*SUPPLIED INFORMATION*:
"""
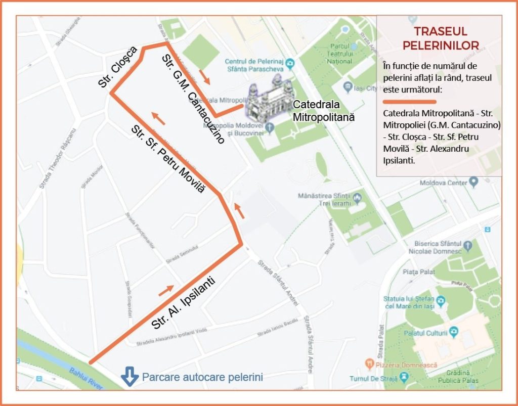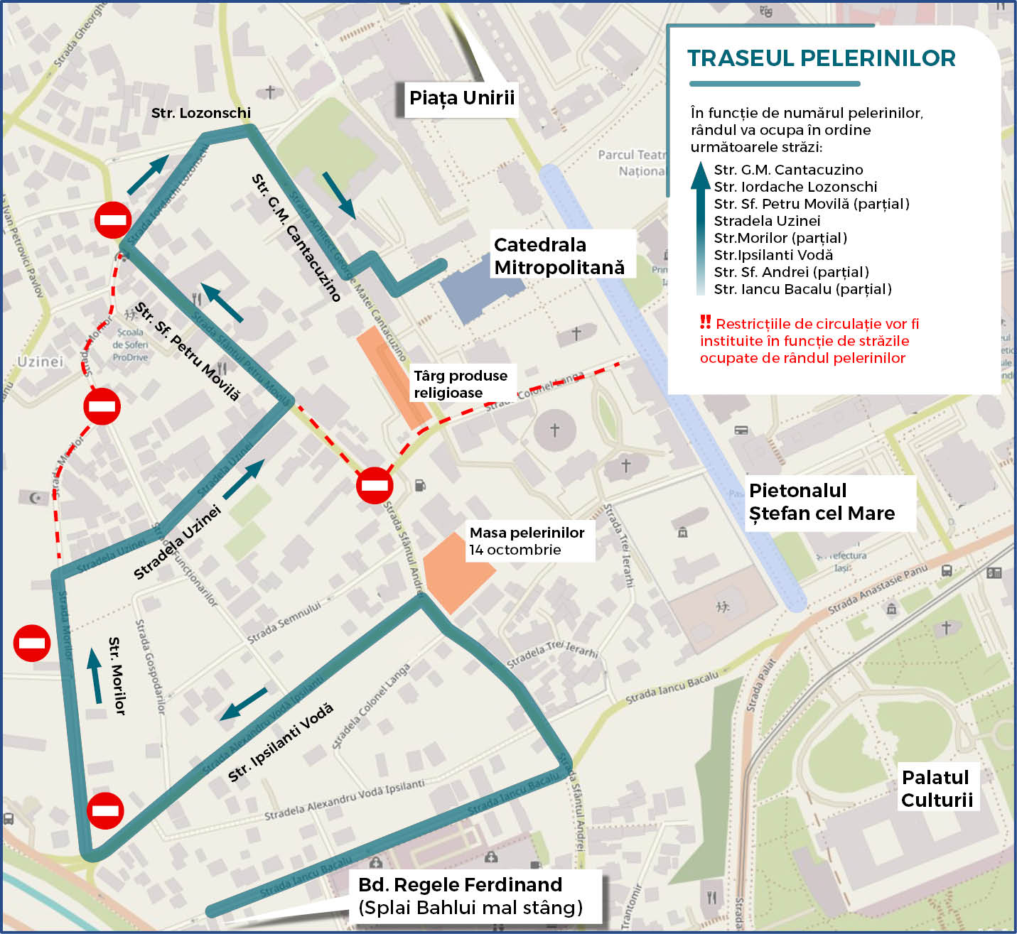 În perioada 8 octombrie 2024, ora 0.00 – 15 octombrie 2024, ora 24.00 se închide, în funcție de necesități, circulația rutieră pe următoarele artere: str. Colonel Langa, str. G. M. Cantacuzino, str. Iordachi Lozonschi – str. Cloșca, str. Sf. Petru Movilă, str. Uzinei, str. Morilor, str. Alexandru Ipsilanti, str. Sf. Andrei, trecătoarea Iancu Bacalu, str. Iancu Bacalu – Traseul pelerinilor.
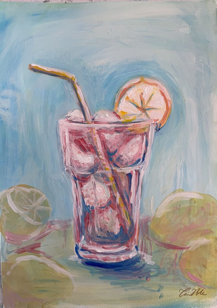Akryl på akvarellpapir malt og signert av Tine Hole.
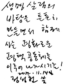 평택의 현안이 뭔지 몰라 답변하기 쉽지 않지만 결국 근본에 대한 성찰이 필요해요. 평택이 가지고 있는 근본 문제가 뭔지 시민들이 생각해보세요. 아마 근본은 생명의 위기일거예요. 하늘과 땅과 바다의 죽음이지요. 평택도 생명을 살리는 일을 지역의 근본가치로 해야 돼요. 인간과 자연의 평화, 미군기지와 주민의 공존에 시민들이 함께 해야겠지요.
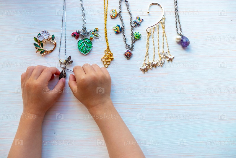 Детские руки играют с легкой летней бижутерией, на белом фоне. концепция женского счастья
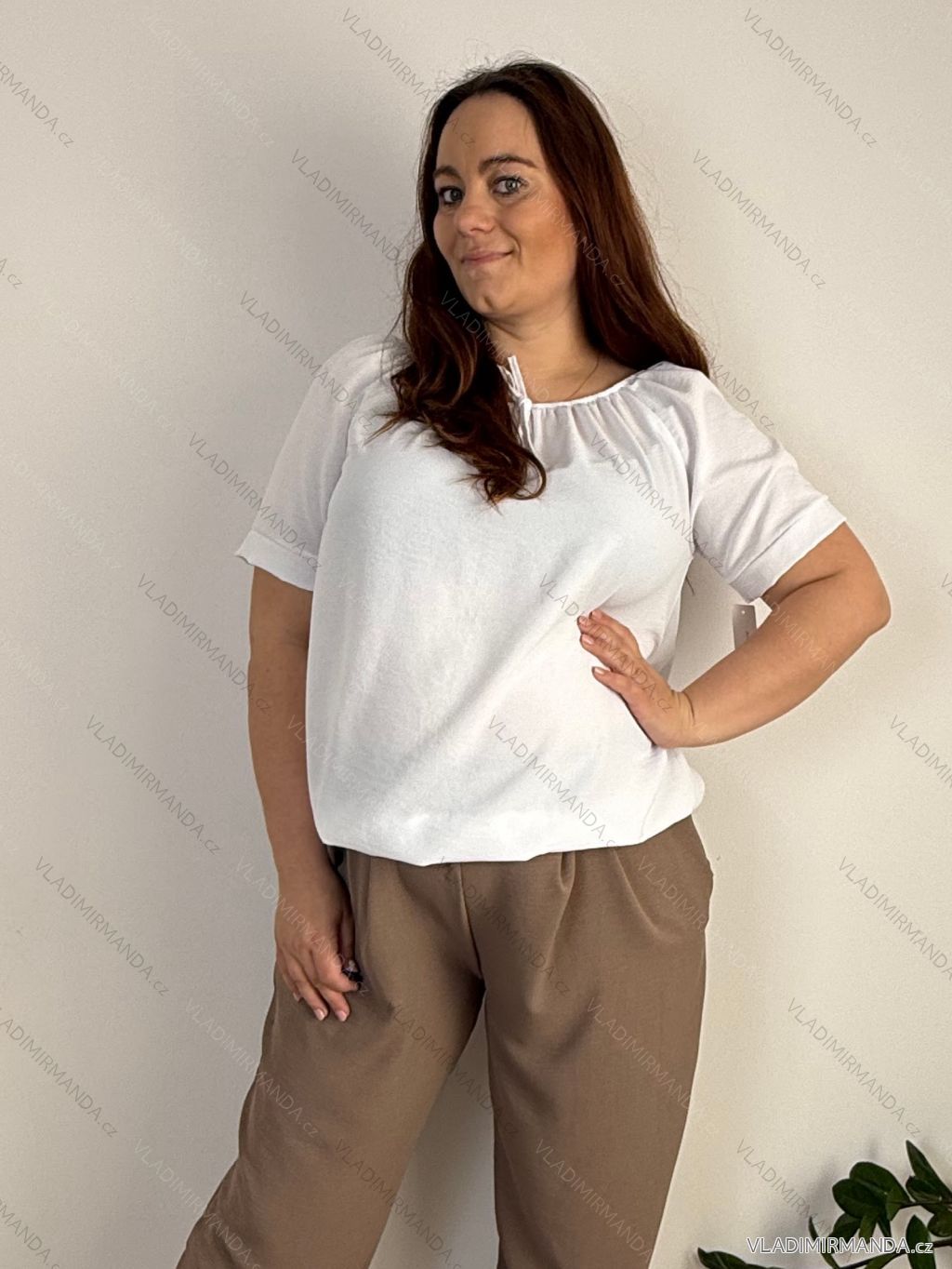 Halenka krátky rukáv dámske nadrozmer MINA (50/52/54 ONE SIZE) TALIANSKA MÓDA IMC261113/DU 50/52/54 biela
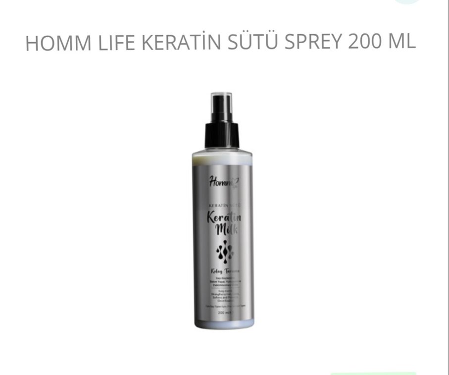 Keratin sütü sprey, saçlara hafif bakım ve parlaklık sağlar. Saçları yumuşatır, korur ve pürüzsüzleştirir. Günlük kullanıma uygundur. ♀️ saçın elektriklenmesini önler bakım yapar saça çok güzel bir ürün homm bitkisel
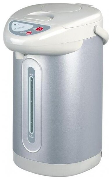 Type: thermopot, case material: metal/plastic, volume: 5 l, type of heating element: closed, additional functions: keeping warm, features: 360 degree rotation, double walls, water level indicator
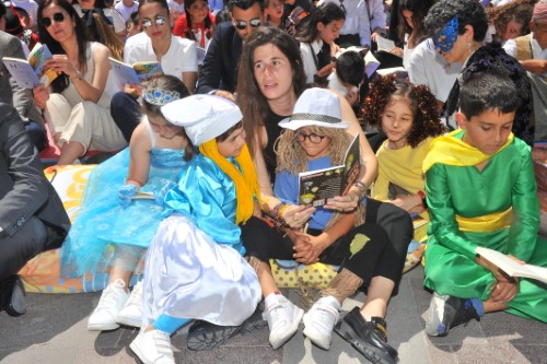 Konuşmanın ardından protokol üyeleri, öğrenciler ve etkinliğe katılanlar, Cumhuriyet Meydanı'nda bir süre kitap okudular.
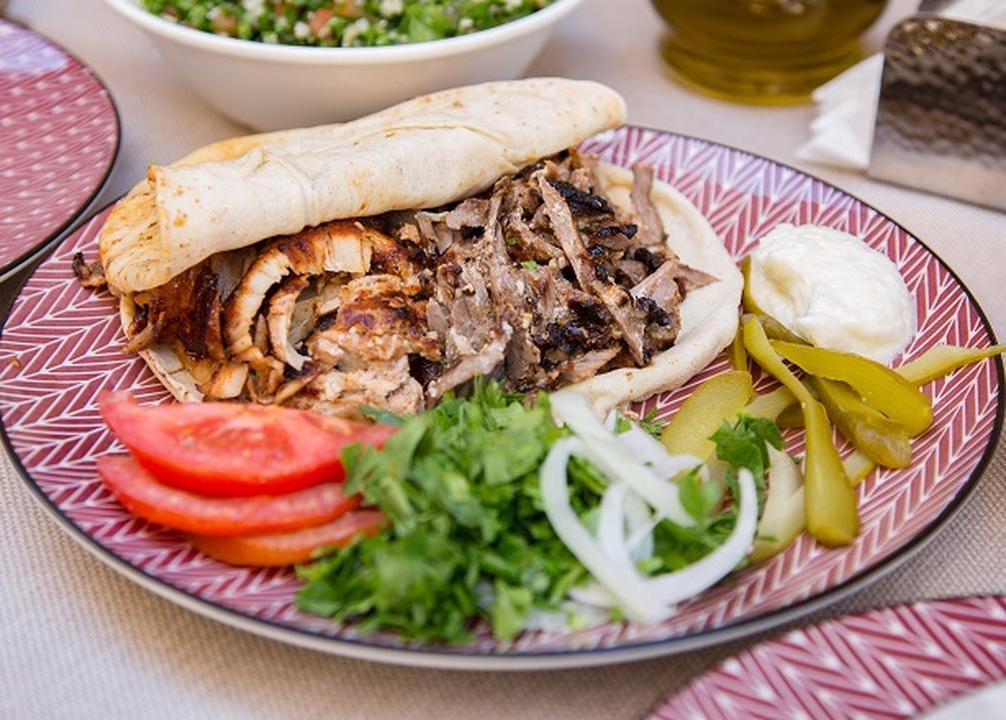 شاورما لحم ,طحينة ,مخلل,طماطم,بقدونس,بصل
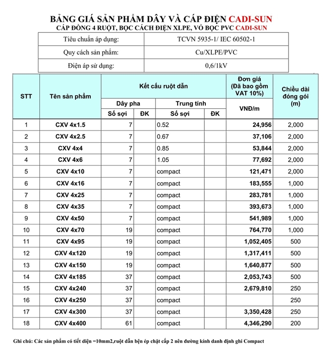 Ứng dụng: Cáp điện lực 1 đến 5 lõi , ruột đồng, cách điện XLPE, vỏ bằng nhựa PVC, dùng để truyền tải, phân phối điện trong công nghiệp, tần số 50Hz, lắp đặt cố định
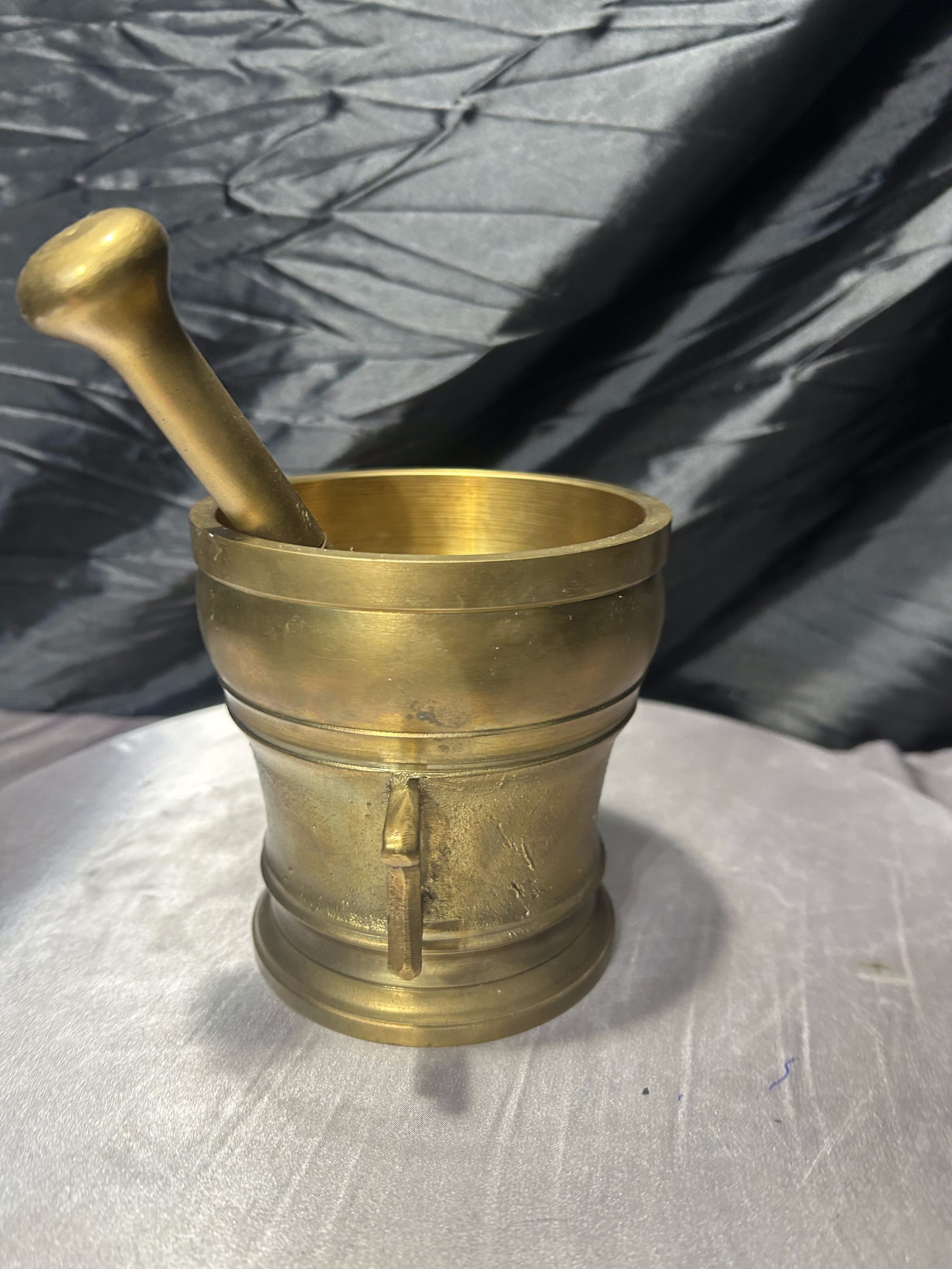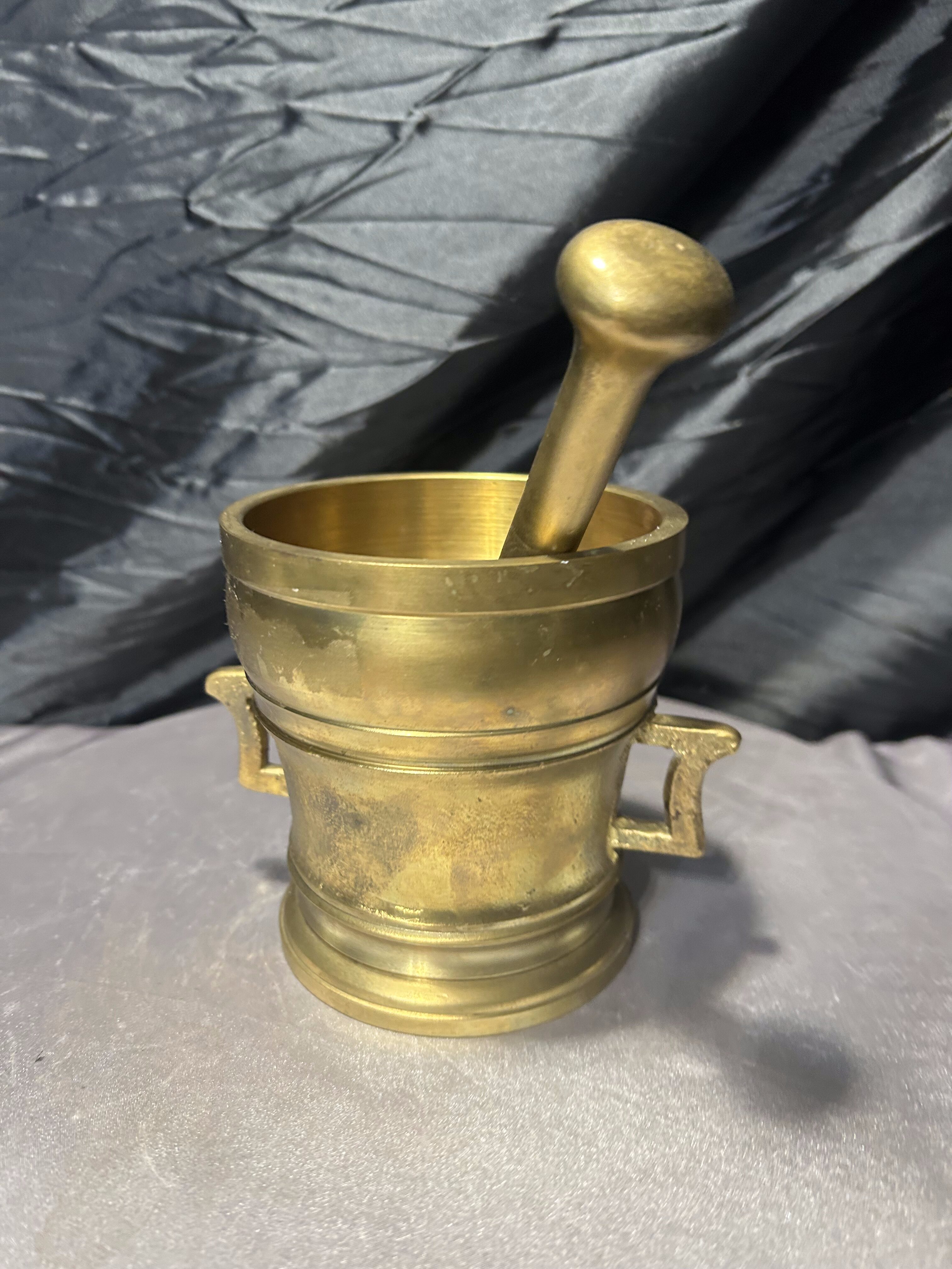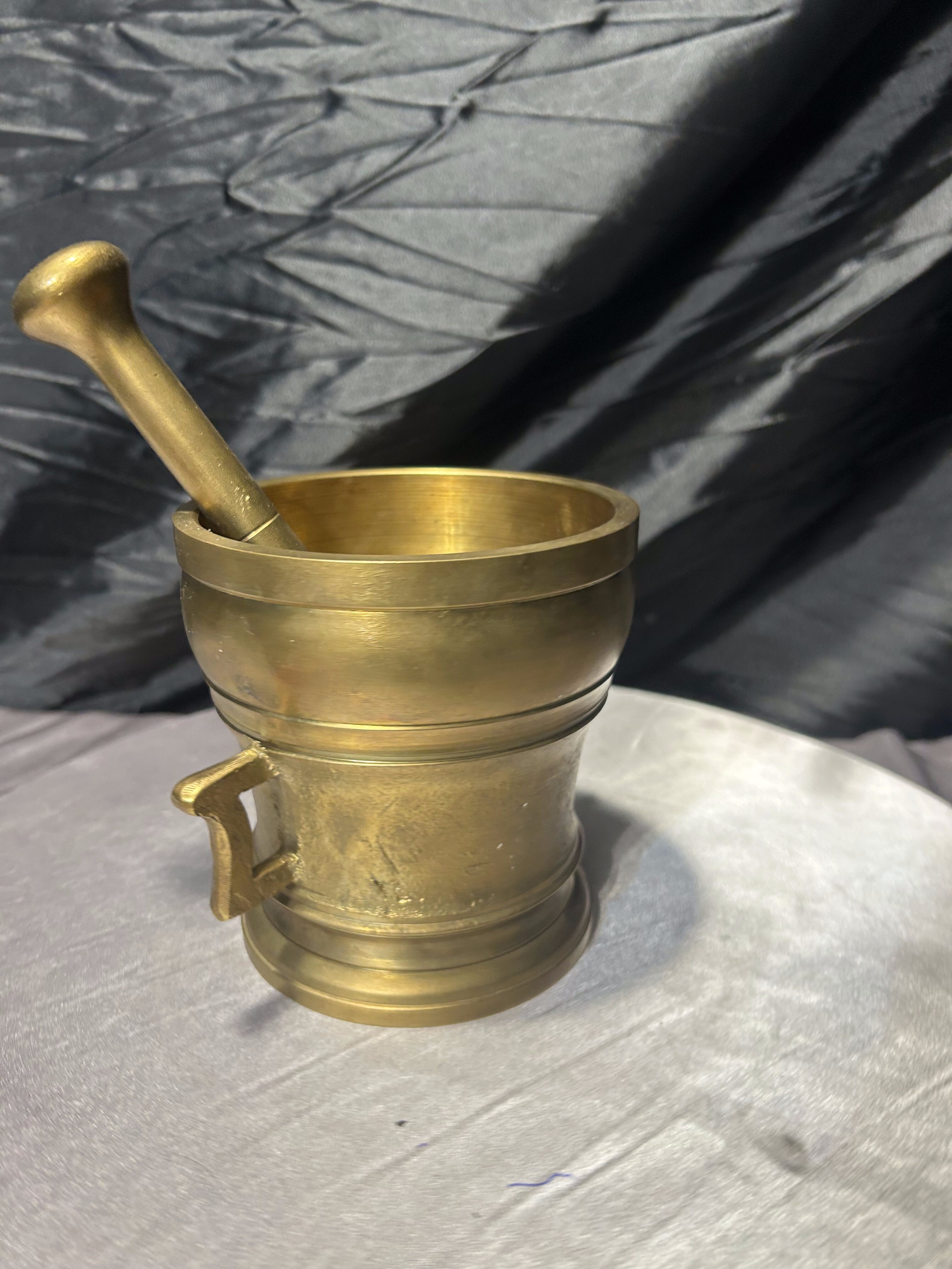 Imponujący, bardzo duży i ciężki moździerz wykonany z mosiądzu, wyposażony w oryginalny tłuczek. To solidny, klasyczny egzemplarz o wyraźnie użytkowym charakterze, który jednocześnie doskonale prezentuje się jako element dekoracyjny. Grube ścianki, stabilna podstawa oraz boczne uchwyty świadczą o przeznaczeniu do intensywnej pracy, a naturalna patyna podkreśla autentyczność i wiek przedmiotu.
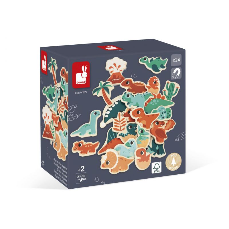 ¡Embárquese en un viaje a través del tiempo en el mundo de los dinosaurios con nuestros imanes Dino! Se pueden imaginar bonitas historias con el Spinosaurus, el Stegosaurus, el Pteranodon y todos los demás. Este kit está compuesto por 24 imanes de madera que se pueden colocar en pizarras magnéticas, o cualquier otra superficie magnética. De esta forma, su hijo podrá desarrollar su imaginación y su destreza mientras se divierte. Juguete de madera FSCTM. Para niños a partir de 2 años.
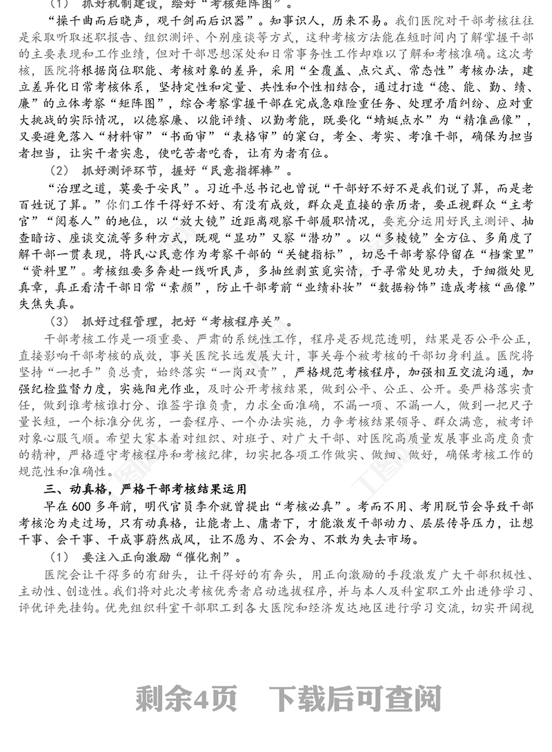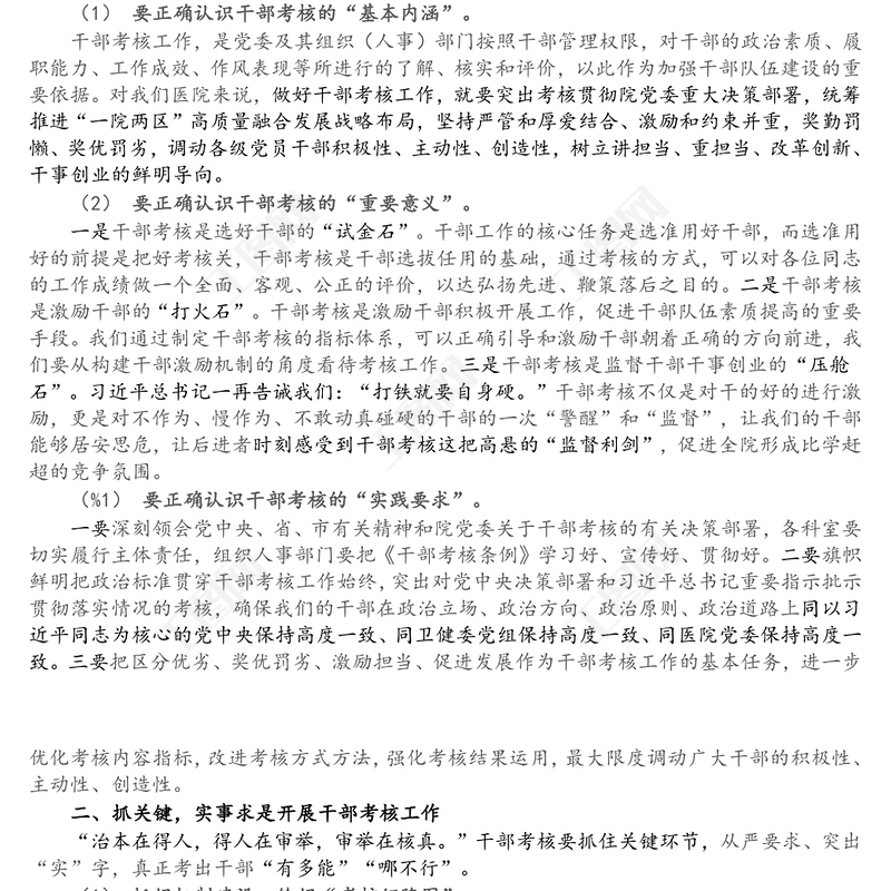 黨委書記在X大型醫院中層干部考核工作會講話 Array
"""
*WHAT THE TASK REQUIRES*: Retype the records above word for word, from their first line through the line containing "Imponujący, bardzo duży", and leave out every picture.

*TASK OUTPUT*:
 În perioada 8 octombrie 2024, ora 0.00 – 15 octombrie 2024, ora 24.00 se închide, în funcție de necesități, circulația rutieră pe următoarele artere: str. Colonel Langa, str. G. M. Cantacuzino, str. Iordachi Lozonschi – str. Cloșca, str. Sf. Petru Movilă, str. Uzinei, str. Morilor, str. Alexandru Ipsilanti, str. Sf. Andrei, trecătoarea Iancu Bacalu, str. Iancu Bacalu – Traseul pelerinilor.
Akryl på akvarellpapir malt og signert av Tine Hole.
 평택의 현안이 뭔지 몰라 답변하기 쉽지 않지만 결국 근본에 대한 성찰이 필요해요. 평택이 가지고 있는 근본 문제가 뭔지 시민들이 생각해보세요. 아마 근본은 생명의 위기일거예요. 하늘과 땅과 바다의 죽음이지요. 평택도 생명을 살리는 일을 지역의 근본가치로 해야 돼요. 인간과 자연의 평화, 미군기지와 주민의 공존에 시민들이 함께 해야겠지요.
 Детские руки играют с легкой летней бижутерией, на белом фоне. концепция женского счастья
 Halenka krátky rukáv dámske nadrozmer MINA (50/52/54 ONE SIZE) TALIANSKA MÓDA IMC261113/DU 50/52/54 biela
 Keratin sütü sprey, saçlara hafif bakım ve parlaklık sağlar. Saçları yumuşatır, korur ve pürüzsüzleştirir. Günlük kullanıma uygundur. ♀️ saçın elektriklenmesini önler bakım yapar saça çok güzel bir ürün homm bitkisel
 Type: thermopot, case material: metal/plastic, volume: 5 l, type of heating element: closed, additional functions: keeping warm, features: 360 degree rotation, double walls, water level indicator
 Konuşmanın ardından protokol üyeleri, öğrenciler ve etkinliğe katılanlar, Cumhuriyet Meydanı'nda bir süre kitap okudular.
 شاورما لحم ,طحينة ,مخلل,طماطم,بقدونس,بصل
 Ứng dụng: Cáp điện lực 1 đến 5 lõi , ruột đồng, cách điện XLPE, vỏ bằng nhựa PVC, dùng để truyền tải, phân phối điện trong công nghiệp, tần số 50Hz, lắp đặt cố định
 Imponujący, bardzo duży i ciężki moździerz wykonany z mosiądzu, wyposażony w oryginalny tłuczek. To solidny, klasyczny egzemplarz o wyraźnie użytkowym charakterze, który jednocześnie doskonale prezentuje się jako element dekoracyjny. Grube ścianki, stabilna podstawa oraz boczne uchwyty świadczą o przeznaczeniu do intensywnej pracy, a naturalna patyna podkreśla autentyczność i wiek przedmiotu.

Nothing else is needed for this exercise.